The verify command should also be fast. If it takes ten minutes, you will skip it. If it takes ninety seconds, you will run it every time. The optimization is to prioritize speed in the verify command and reserve the slower checks for the merge gate. Type check should be incremental (TypeScript's --incremental flag, or its watch mode). Lint should run only on changed files (lint-staged-style filtering). Unit tests should be fast enough that running the full suite takes seconds, not minutes. Build should use whatever caching the bundler provides.

The other thing the verify command does is provide a single source of truth for "is the project in a working state." When something goes wrong and you are debugging, you can run verify to confirm whether the issue is in the code you just changed or somewhere else. When you are about to start work, you can run verify to confirm the project is starting from a clean baseline. The command becomes a touchstone, and its existence makes the workflow more reliable.

For larger codebases, the verify command may need scoping. Running every test on every change is wasteful when only a small part of the codebase was touched. Tools like Nx, Turborepo, Rush, and Bazel can determine which tests are affected by a given change and run only those. The configuration is more involved but the speedup is dramatic for monorepos. The agent can navigate the affected-tests workflow if you wire it in; without the tooling, the agent runs everything and the loop slows down.

The closing test for whether your verify setup is working: ask, after a typical agent turn, whether you trust the project is still working. If the answer is yes because verify passed, the setup is good. If the answer is no, or if you are unsure, the setup needs more in it. The point of verify is to give you the confidence to keep going. If it does not give you that, fix it until it does.

Closing

The discipline of testing was always undervalued. Teams that wrote tests shipped fewer incidents and spent less time on regressions. Teams that did not write tests sometimes got away with it for years, and the costs were diffuse enough that the trade-off looked reasonable in the short term. The argument for testing was real but felt theoretical, especially for fast-moving projects where the next feature was always more urgent than the test for the last one.

AI assistance does not just shift the math; it inverts it. The cost of writing tests dropped to near zero because the agent writes them. The benefit of having tests rose dramatically because the agent makes more changes per session and you cannot review them all by hand. The combination means that not having tests is now strictly worse, on every axis. The teams that ship quickly and reliably under AI are the teams whose test suites catch the agent's mistakes before they become anyone else's mistakes.

The high-level moves are simple.

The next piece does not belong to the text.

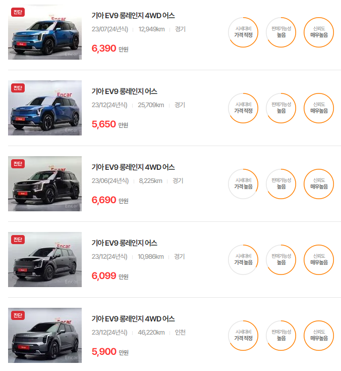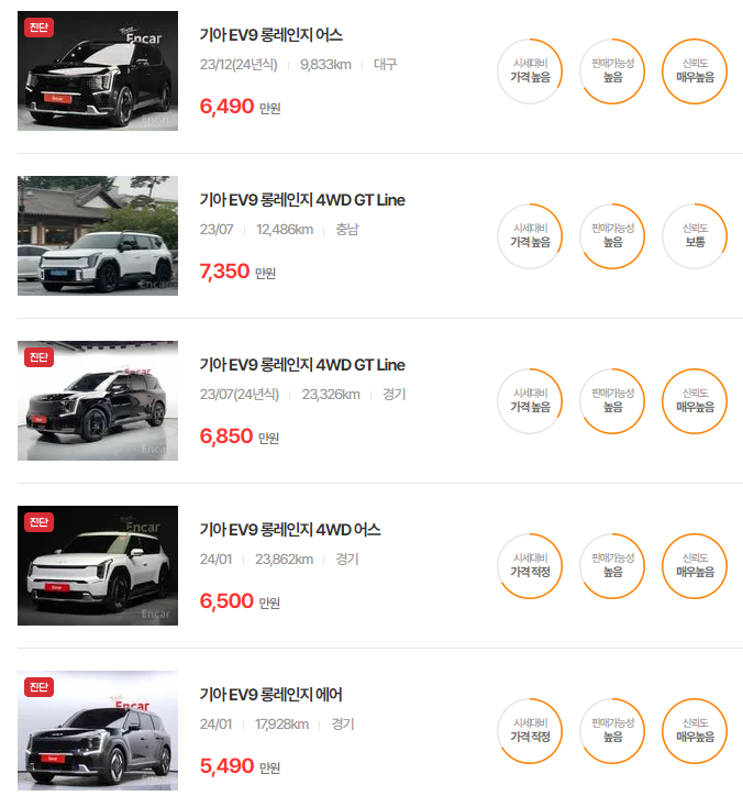 EV9 중고차 가격 시세표 | 25년 6월 기준

Write tests alongside code, not after, and let the agent do most of the writing. Maintain the pyramid: many fast unit tests, fewer integration tests, a small number of E2E tests for critical paths. Use property-based testing for invariants you can articulate and the agent cannot. Treat snapshot tests as human-approval gates, not auto-update conveniences. Run CI on every PR, including AI-generated ones. Use coverage as a diagnostic, not a goal. Verify after every multi-file change with a one-keystroke command. None of these are new ideas. The newness is the urgency.

The closing thought is the one the section title implied. The developer who ships with tests sleeps. They sleep because the suite catches the bugs before the users do, and because the suite catches the regressions before the on-call rotation does, and because the agent's iterations land cleanly when they should and bounce back loudly when they should not. The developer who ships without tests waits for the user to find the bug. They wait for the support ticket, the angry email, the late-night page, the postmortem. The waiting is not free. It is paid in time, in trust, and in the slow erosion of the codebase as fixes pile on top of fixes without verification. The choice is which side of that line to be on. The tools are sitting there. The agent will write the tests. All you have to do is ask.